February volumes, traditionally the lowest of the year, were estimated to have jumped 12%, year on year, to reach 1.12 million teu, while January’s volumes grew 12% to 1.2 million teu.
If the volume prediction for February is correct, it will be the 15th month in a row to show a year-on-year improvement, after December 2009 broke a 28-month streak of year-on-year declines.
NRF VP for Supply Chain and Customs Policy Jonathan Gold said: “These numbers show solid increases over last year and are evidence that our nation’s economic recovery is continuing to build momentum.
“Increases in imports are a clear sign that retailers expect sales to continue to climb in the next several months.”
However, Hackett Associates’ founder, Ben Hackett, said the recent political turmoil in Egypt, Libya, Tunisia and elsewhere was driving-up oil prices and were likely to increase shipping costs.
He said: “Oil supply is going down as nations have dropped out of the production cycle. Freight rates have been decreasing, but that will not last long as fuel costs are factored in.”

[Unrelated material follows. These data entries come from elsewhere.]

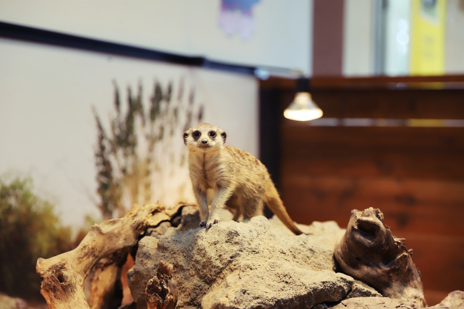 '동물의 왕국' 같은 다큐멘터리 프로그램에서 두 발로 꼿꼿하게 차렷 자세로 주위를 살피는 망보기 선수, 두 번째 친구는 바로 미어캣입니다. 제주공룡랜드 앵무새사파리의 가족이 된 지 얼마 되지 않은 친구들이에요. 워낙 호기심이 많은 친구들이라 우리 아이들이 가까이 가면 무엇이 그리 궁금한지 가까이 오려고 점프까지 뛴답니다.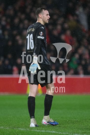 2903529 Matz Sels, do Nottingham Forest, durante a partida de futebol da Liga Europa da UEFA entre Nottingham Forest e FC Midtjylland no City Ground, em Nottingham. (Paul Bonser / Sports Press Photo / SPP)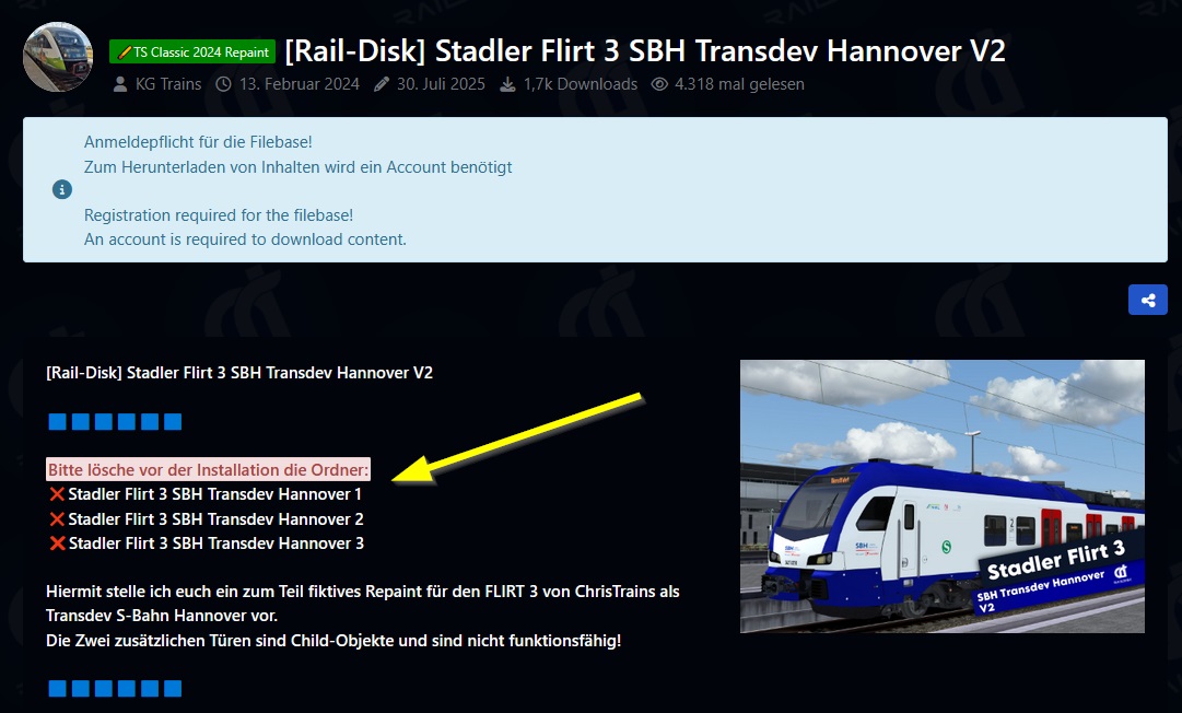 Good morning everyone, I installed a scenario on Hannover Bremerhaven the freight train to Hannover, the problem is that there are the standler 3 that is giving me problems with the Out of Memory error, if I remove the Sandler 3 the scenario starts without errors, I replaced it with other standler flirt 3 and it always gives me the same memory error do you know how to solve it thanks ![]()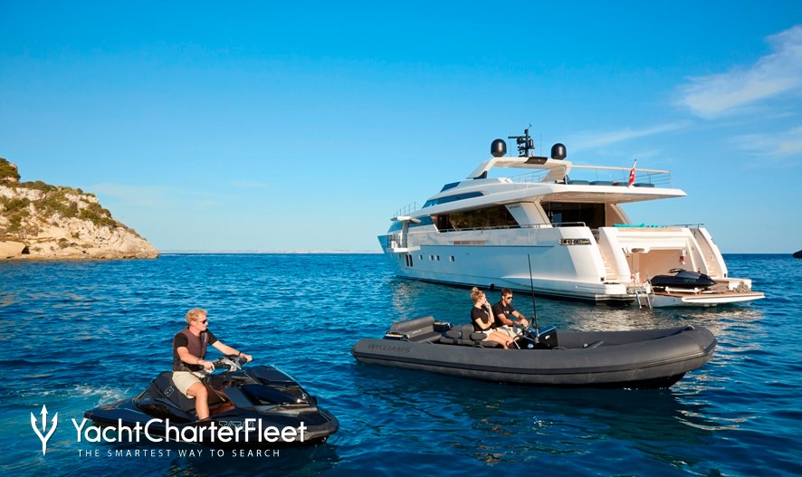 Onboard Riana II has a large selection of toys and accessories to keep you and your guests entertained on the water throughout your stay. Take to the sea on a Jet Ski offering you power and control on the water. Also there are two waterskis that are hugely entertaining whether you are a beginner or a seasoned pro. Another excellent feature are two SEABOBs, that allow you to skim along the surface or steer under the crystal water and experience life swimming with the fish. If that isn't enough Riana II also features wakeboards, canoes, fishing equipment, kneeboards and paddleboards. Riana II features two tenders, but leading the pack is a 9.9m/32'6" Onda Chase Tender to transport you in style.

US import volumes for the first half of 2011 are forecast to hit 7.5 million teu, up 9% on the first half of 2010.
However, the figures produced by Hackett Associates contrast with predictions by rival analyst Box Trade Intelligence which predict transpacific trade growth of 1% this year, followed by 5% growth in 2012.
Its report argues that the US housing market appears flat, and says that years of strong growth – such as 2010 – tend to be followed by a weaker year.